Amen, Mr. Hood, amen.
, attached to 1994-11-26

Review by gphishmon

gphishmon I can't say enough about the Bowie. A multipart masterpiece of a jam -- the dark, brooding buildup that explodes, then settles eventually into a key-changed quiet, peaceful, trance jam, then the key changes again as they work the energy back up into a very fast, kind of funky, danceable jam, and finally that resolves to the closing theme played at a super frenetic pace.

Possum is another highlight of this show. 14+ min of Possum means the tension gets built up so gradually, and so high, that it almost hurts.

Foam is always great to hear, and something that separates Phish from other jam bands is their ability to jam over very complex chord progressions, bebop style. Lizards is similar but adds one of the most dramatic, elegaic, and beautiful melodies I've ever heard, in any style of music, including classical music, for the ending.

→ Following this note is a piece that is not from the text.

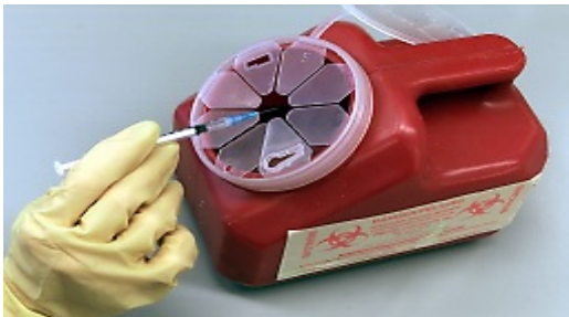
Figure 1: Sharps container used to dispose of needles and other sharps.

You may see this symbol on many things, including labels, waste, sharps containers and signs.

Slave provides another powerful jam for the closer.

All in all an A+ show for one of my all-time favorite bands in one of their best years.
, attached to 1994-11-26

Review by KingDisco

KingDisco I love Bowie so I always became fixated with 12/29 as the unquestioned champion. Some days I change my mind. It just so happens it is days when I get this show a whirl. This Bowie may not cover as much ground as the epic rendition a month later, but it is its musical counterpart sustaining just as much griping attention as 12/29. This show may rightfully be overshadowed in a month of an time shows, but eventfully phans should stop in Minneapolis.